● **Recorded data**:
Segment Open

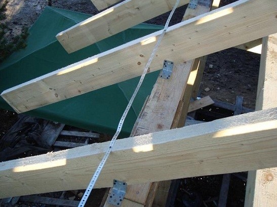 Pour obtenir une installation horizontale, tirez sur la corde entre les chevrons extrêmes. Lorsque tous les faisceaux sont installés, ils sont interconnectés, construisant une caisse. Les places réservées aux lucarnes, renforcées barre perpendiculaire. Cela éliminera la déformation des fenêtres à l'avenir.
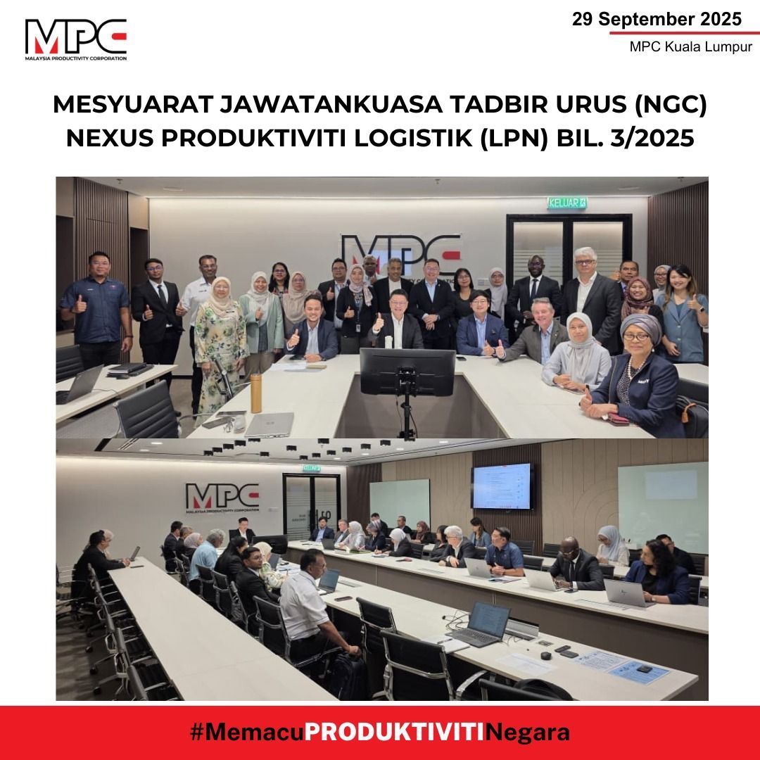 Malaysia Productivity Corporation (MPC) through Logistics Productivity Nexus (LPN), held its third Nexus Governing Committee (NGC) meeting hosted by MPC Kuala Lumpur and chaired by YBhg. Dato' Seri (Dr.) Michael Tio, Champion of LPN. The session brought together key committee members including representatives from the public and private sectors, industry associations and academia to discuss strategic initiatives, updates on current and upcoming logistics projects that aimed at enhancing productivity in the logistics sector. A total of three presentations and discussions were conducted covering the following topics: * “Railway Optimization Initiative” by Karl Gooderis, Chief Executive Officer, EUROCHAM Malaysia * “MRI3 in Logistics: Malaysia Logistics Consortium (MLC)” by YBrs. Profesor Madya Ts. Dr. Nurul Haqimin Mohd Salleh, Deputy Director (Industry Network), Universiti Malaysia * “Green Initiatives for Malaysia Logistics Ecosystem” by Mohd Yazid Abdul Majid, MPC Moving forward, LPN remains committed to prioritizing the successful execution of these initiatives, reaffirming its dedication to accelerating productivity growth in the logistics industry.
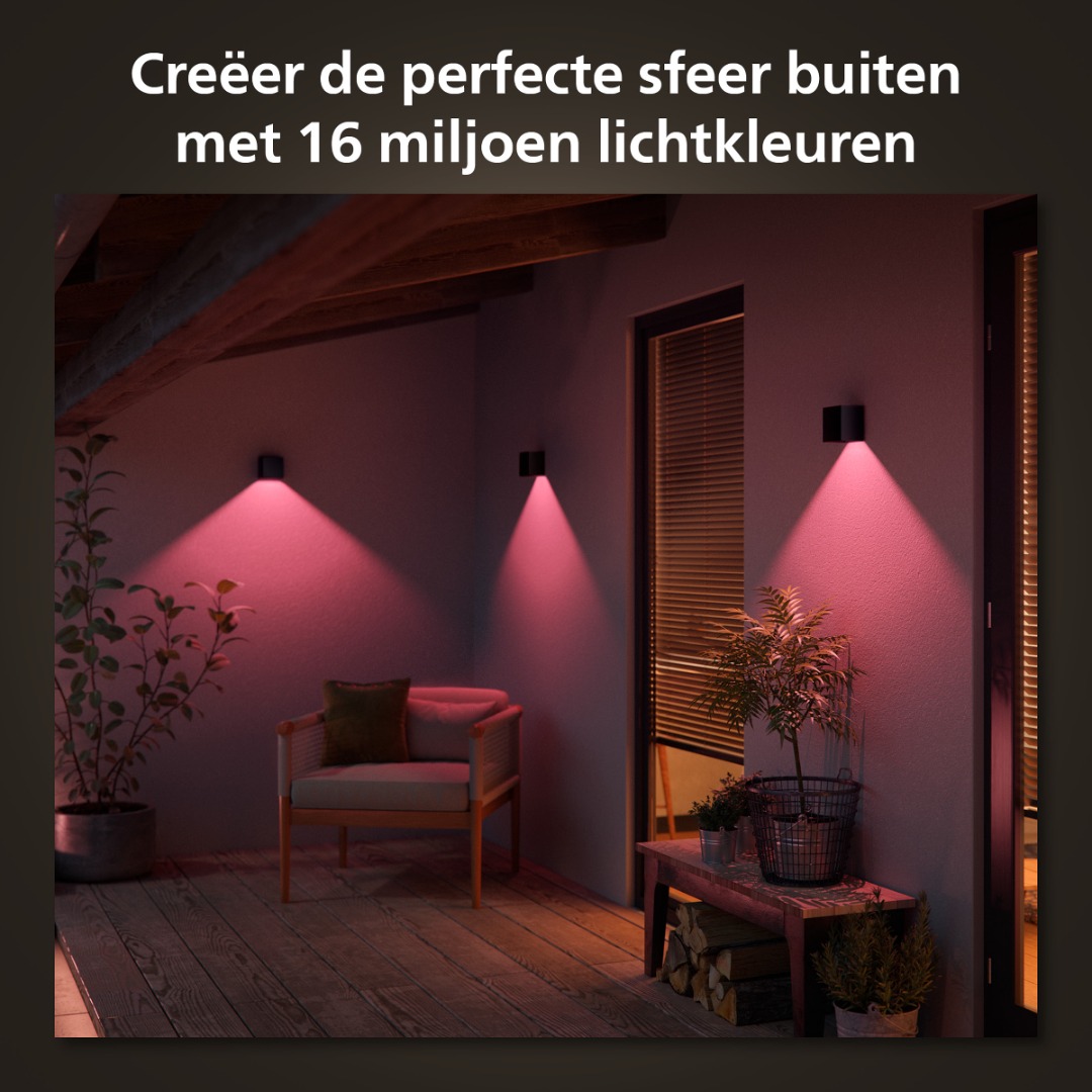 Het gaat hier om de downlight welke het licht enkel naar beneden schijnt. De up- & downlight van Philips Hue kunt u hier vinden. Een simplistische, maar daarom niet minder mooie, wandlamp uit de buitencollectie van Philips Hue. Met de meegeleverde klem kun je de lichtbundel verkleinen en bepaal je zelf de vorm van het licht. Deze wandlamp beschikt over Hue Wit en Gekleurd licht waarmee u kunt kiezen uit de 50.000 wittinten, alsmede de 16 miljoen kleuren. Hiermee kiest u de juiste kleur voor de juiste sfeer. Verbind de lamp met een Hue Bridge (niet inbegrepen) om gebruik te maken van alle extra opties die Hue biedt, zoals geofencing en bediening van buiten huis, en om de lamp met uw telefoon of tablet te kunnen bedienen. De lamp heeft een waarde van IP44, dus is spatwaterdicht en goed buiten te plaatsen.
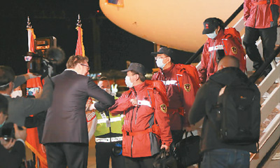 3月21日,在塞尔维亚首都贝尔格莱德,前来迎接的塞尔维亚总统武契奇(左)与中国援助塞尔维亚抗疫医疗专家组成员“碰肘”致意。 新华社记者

Segment Closed

● **How to complete this task**: Starting from the line where "Malaysia Productivity Corporation" appears, copy every line through the end of the material, both ends included, but no pictures.

● **Answer space**:
 Malaysia Productivity Corporation (MPC) through Logistics Productivity Nexus (LPN), held its third Nexus Governing Committee (NGC) meeting hosted by MPC Kuala Lumpur and chaired by YBhg. Dato' Seri (Dr.) Michael Tio, Champion of LPN. The session brought together key committee members including representatives from the public and private sectors, industry associations and academia to discuss strategic initiatives, updates on current and upcoming logistics projects that aimed at enhancing productivity in the logistics sector. A total of three presentations and discussions were conducted covering the following topics: * “Railway Optimization Initiative” by Karl Gooderis, Chief Executive Officer, EUROCHAM Malaysia * “MRI3 in Logistics: Malaysia Logistics Consortium (MLC)” by YBrs. Profesor Madya Ts. Dr. Nurul Haqimin Mohd Salleh, Deputy Director (Industry Network), Universiti Malaysia * “Green Initiatives for Malaysia Logistics Ecosystem” by Mohd Yazid Abdul Majid, MPC Moving forward, LPN remains committed to prioritizing the successful execution of these initiatives, reaffirming its dedication to accelerating productivity growth in the logistics industry.
 Het gaat hier om de downlight welke het licht enkel naar beneden schijnt. De up- & downlight van Philips Hue kunt u hier vinden. Een simplistische, maar daarom niet minder mooie, wandlamp uit de buitencollectie van Philips Hue. Met de meegeleverde klem kun je de lichtbundel verkleinen en bepaal je zelf de vorm van het licht. Deze wandlamp beschikt over Hue Wit en Gekleurd licht waarmee u kunt kiezen uit de 50.000 wittinten, alsmede de 16 miljoen kleuren. Hiermee kiest u de juiste kleur voor de juiste sfeer. Verbind de lamp met een Hue Bridge (niet inbegrepen) om gebruik te maken van alle extra opties die Hue biedt, zoals geofencing en bediening van buiten huis, en om de lamp met uw telefoon of tablet te kunnen bedienen. De lamp heeft een waarde van IP44, dus is spatwaterdicht en goed buiten te plaatsen.
 3月21日,在塞尔维亚首都贝尔格莱德,前来迎接的塞尔维亚总统武契奇(左)与中国援助塞尔维亚抗疫医疗专家组成员“碰肘”致意。 新华社记者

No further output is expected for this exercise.